_Description of the task_
Where the line holding "El Conalep de" appears, start copying, and continue exactly through the last line of the listing, skipping pictures.

_Information provided_

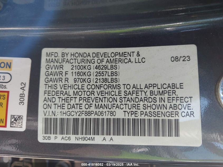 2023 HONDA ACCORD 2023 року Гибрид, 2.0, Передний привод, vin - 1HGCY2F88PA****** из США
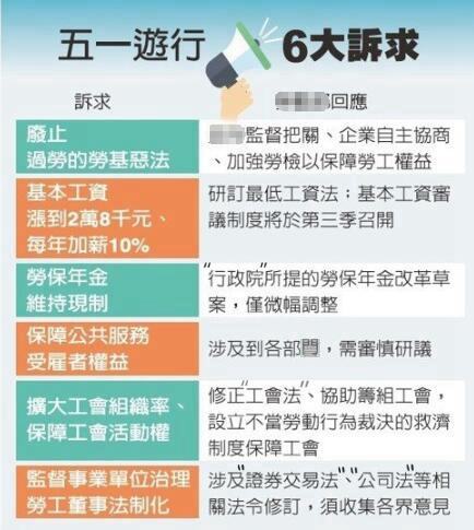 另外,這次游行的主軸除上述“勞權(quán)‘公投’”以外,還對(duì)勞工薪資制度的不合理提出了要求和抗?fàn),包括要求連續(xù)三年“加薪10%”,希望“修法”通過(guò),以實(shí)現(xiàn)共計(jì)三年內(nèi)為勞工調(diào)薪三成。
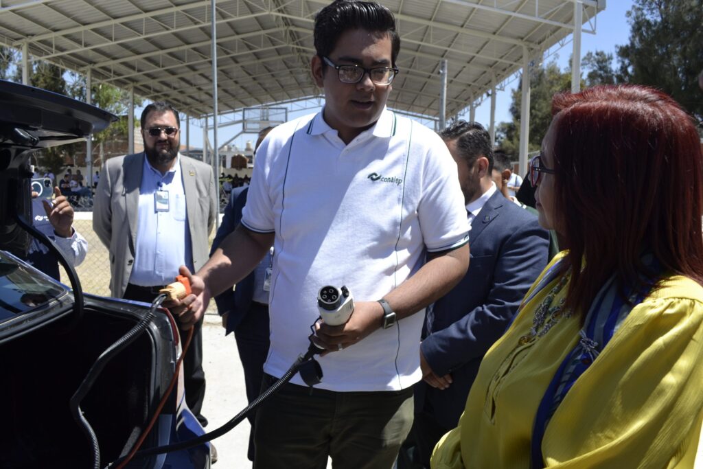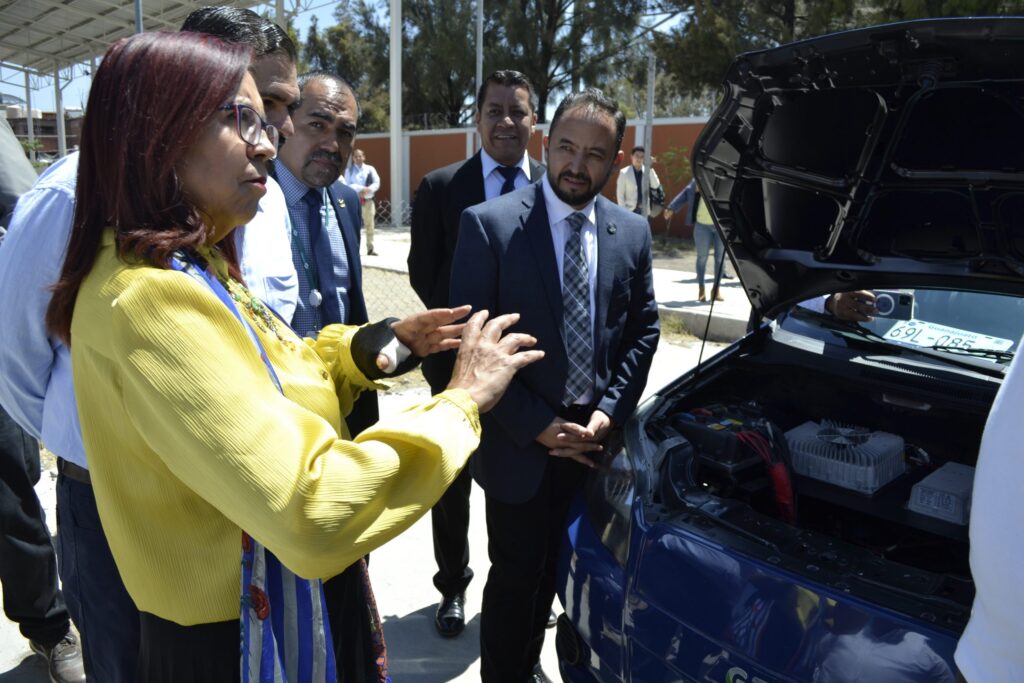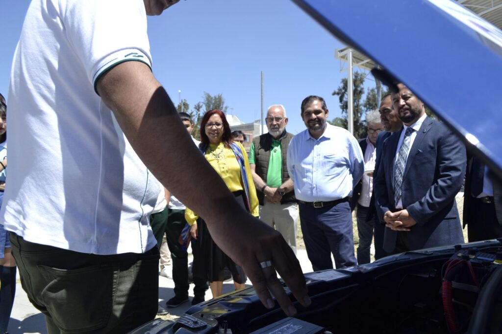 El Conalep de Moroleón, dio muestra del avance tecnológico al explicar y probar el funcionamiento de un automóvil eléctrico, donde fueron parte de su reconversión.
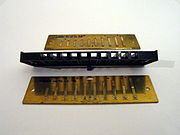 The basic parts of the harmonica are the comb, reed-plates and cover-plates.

_Response to the exercise_
 El Conalep de Moroleón, dio muestra del avance tecnológico al explicar y probar el funcionamiento de un automóvil eléctrico, donde fueron parte de su reconversión.
 The basic parts of the harmonica are the comb, reed-plates and cover-plates.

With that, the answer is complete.